• **Data provided**:

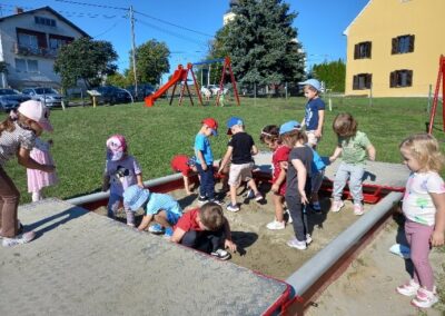 Krajem mjeseca održana je „Jesenska svečanost“ s roditeljima. Djeca su svojim prvim solo nastupom pozdravila sve prisutne i za prvi put svi smo bili jako ponosni. Slijedile su jesenske štafetne igre u kojima smo se dobro nasmijali. Na kraju smo se počastili jesenskim plodovima i slobodno poigrali na dječjem igralištu. Ostale su lijepe uspomene na zajedničko druženje.
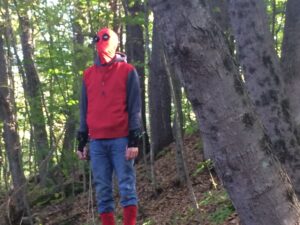 The final design for the MK.1 uses a C02 bike pump instead of a solenoid valve. This is a design many have used before, but I mounted the pump to the other side of my arm. This was so that it wouldn’t be too bulky, and the weight would be distributed more evenly. I used a roofing harness and some nylon webbing to connect the webshooters to my body. This made it easier to swing because I wouldn’t be able to hold onto the kevlar rope.
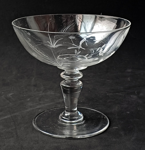 Compoteira estilo taça, de cristal, decorada com motivos florais, jato de areia e lapidação. Medidas: 14,5 (A) x 15,5 de diâmetro da boca
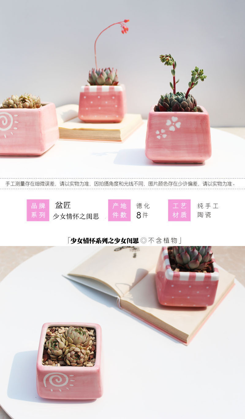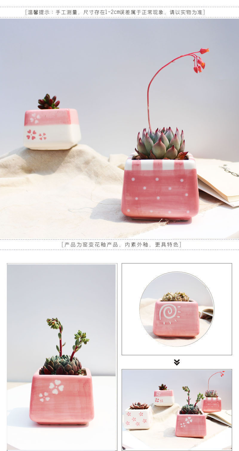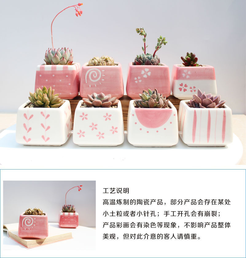 크로스 보더 타오바오 베스트 셀러 핑크 소녀 심장 광장 다육 화분 손으로 그린 식물 꽃 용기 아마존스토어 가기
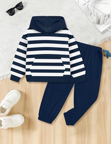 NECIOUS 3t Boy Clothes 4t Toddler Boys Clothes 2 Piece Fall Winter Toddler Sweatsuit Outfits Blue Striped Sweatshirt Tops Pants Clothing Sets 5
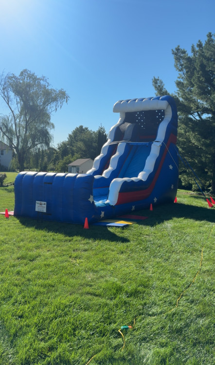 Check out the 18 ft All American Slide, a majestic sight to behold! This awesome inflatable is sure to bring out the patriot it everyone with its classic shades of red, blue, and white alongside the stars that dot the sides of the unit. Fully inflated, it stands over 18 feet tall and includes easy-to-access steps on one side, the spacious slide lane on the other, and safety mesh nets at the top.
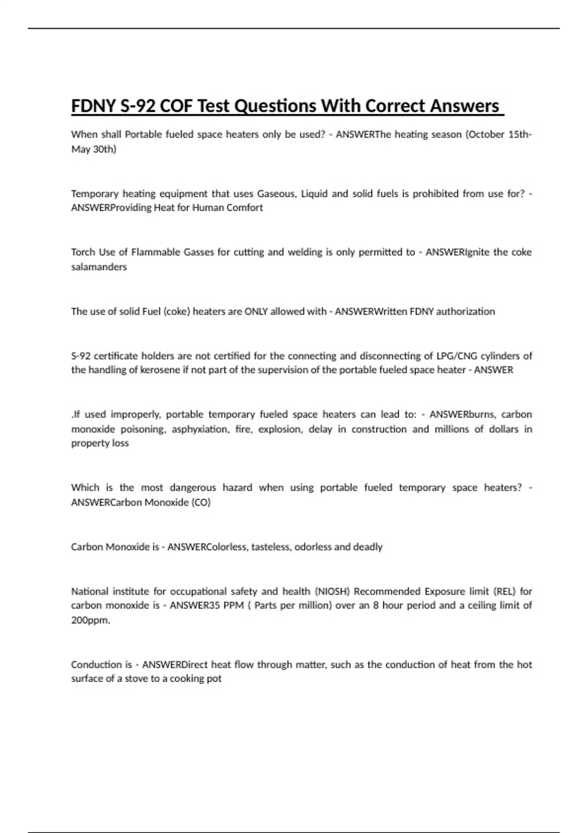 When shall Portable fueled space heaters only be used? - ANSWERThe heating season (October 15th- May 30th) Temporary heating equipment that uses Gaseous, Liquid and solid fuels is prohibited from use for? - ANSWERProviding Heat for Human Comfort Torch Use of Flammable Gasses for cutting and welding is only permitted to - ANSWERIgnite the coke salamanders The use of solid Fuel (coke) heaters are ONLY allowed with - ANSWERWritten FDNY authorization S-92 certificate holders are not certified for the connecting and disconnecting of LPG/CNG cylinders of the handling of kerosene if not part of the supervision of the portable fueled space heater - ANSWER .If used improperly, portable temporary fueled space heaters can lead to: - ANSWERburns, carbon monoxide poisoning, asphyxiation, fire, explosion, delay in construction and millions of dollars in property loss Which is the most dangerous hazard when using portable fueled temporary space heaters? - ANSWERCarbon Monoxide (CO)

• **What to produce**: Would you print exactly the lines in the listing above, from the line bearing "크로스 보더 타오바오" through the line bearing "NECIOUS 3t Boy", leaving out all pictures?

• **Written answer**:
 크로스 보더 타오바오 베스트 셀러 핑크 소녀 심장 광장 다육 화분 손으로 그린 식물 꽃 용기 아마존스토어 가기
 NECIOUS 3t Boy Clothes 4t Toddler Boys Clothes 2 Piece Fall Winter Toddler Sweatsuit Outfits Blue Striped Sweatshirt Tops Pants Clothing Sets 5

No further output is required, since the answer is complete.